術後に見られやすい変化として、腫れ(浮腫)・内出血・目の充血などがあります。腫れは術後1〜3日でピークを迎え、1〜2週間かけて徐々に引いていくのが一般的です。内出血は体質や手術内容によって差があり、1〜2週間程度で吸収されることが多いとされています。
結膜(目の内側)への操作を行うため、術後しばらくは目のごろつき感や充血が続くことがあります。これは多くの場合2〜4週間程度で改善しますが、個人差があります。
考えられる合併症・リスク
裏ハムラ法に限らず、手術全般に共通するリスクとして感染・血腫(血のたまり)・縫合不全などが挙げられます。
目の下という繊細な部位の手術であるため、下まぶたの位置が変化する(下まぶたが外反する)リスクや、左右差が生じる可能性についても事前に十分な説明を受けることが大切です。

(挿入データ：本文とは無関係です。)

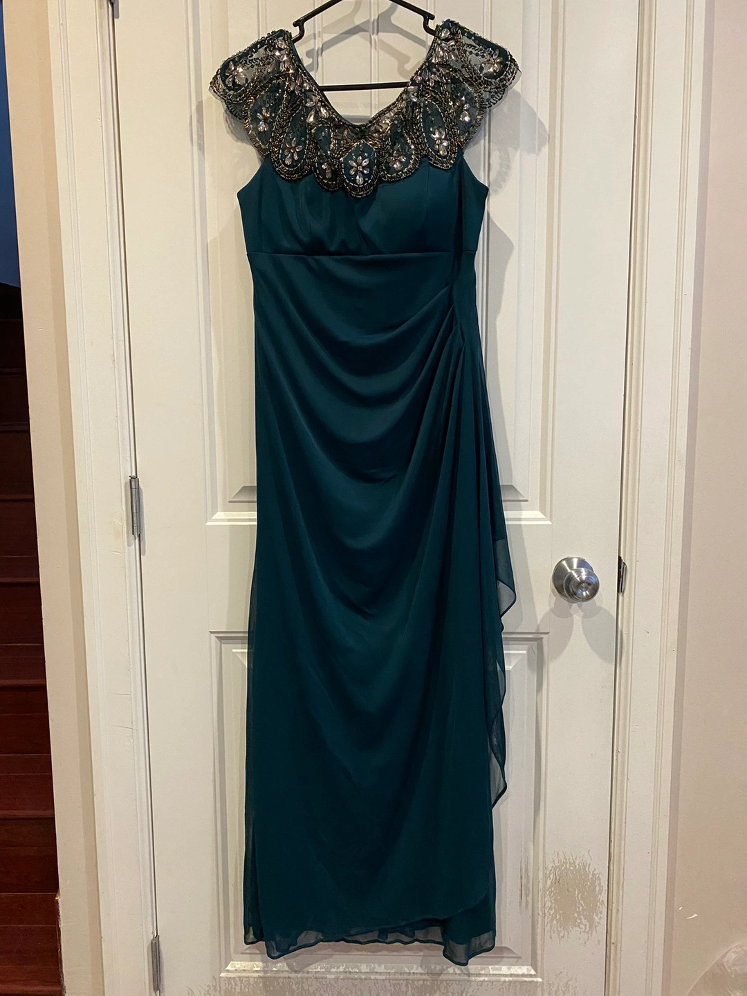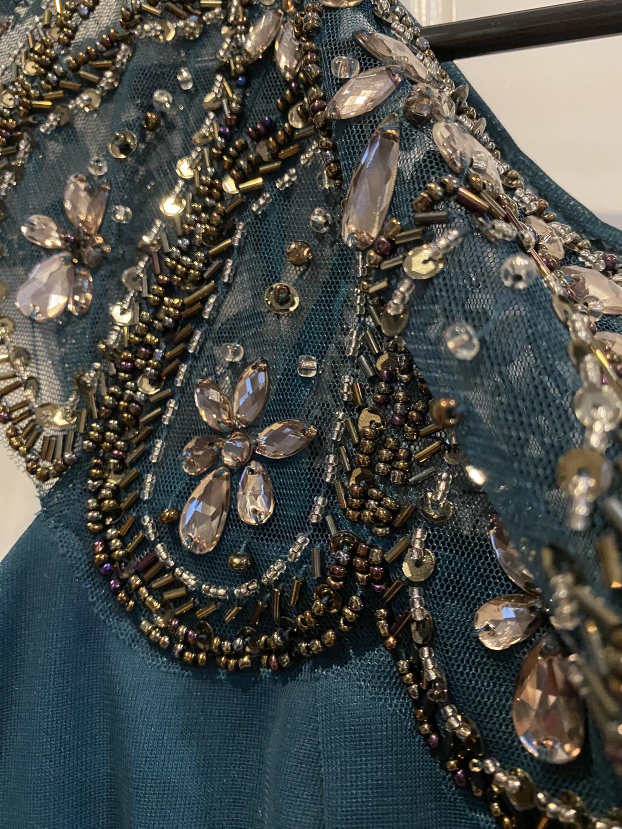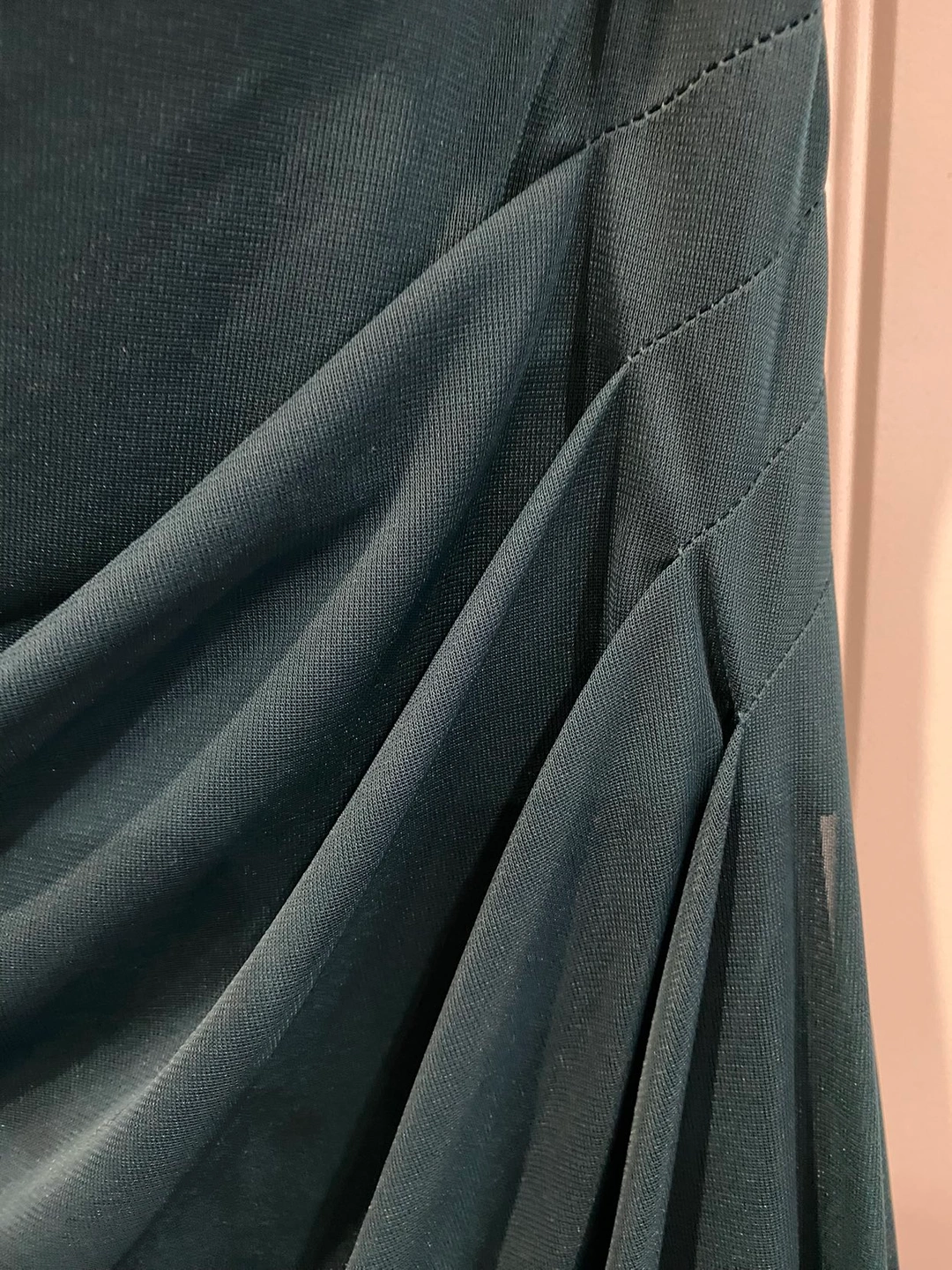 Worn once at a wedding reception. Excellent condition bead works intact. Pleats on left side. Ruching at the back accentuate the behind.

また、脂肪の移動量・固定の仕方によっては仕上がりに凹凸が残る場合があります。こうしたリスクを最小限にするために、解剖学的知識を持つ形成外科専門医による施術と、術後の適切なフォローアップ体制が重要です。
術後の過ごし方のポイント
術後は激しい運動・飲酒・サウナなど血行を促進する行動を一定期間控える必要があります。また、コンタクトレンズの使用についても術後しばらくは制限がかかることが多く、眼鏡での生活が必要になります。術後のケアについては施術を受けるクリニックで詳しく説明を受けてください。
裏ハムラ法が向いている人・向いていない人
向いている方の特徴
裏ハムラ法が特に効果を期待できるのは、以下のような特徴を持つ方です。目の下を軽く押してみたとき脂肪が前に押し出される感覚がある方、鏡を天井に向けて上から顔を見たときに目の下のふくらみが軽減する方は、眼窩脂肪の突出が関与している可能性があります。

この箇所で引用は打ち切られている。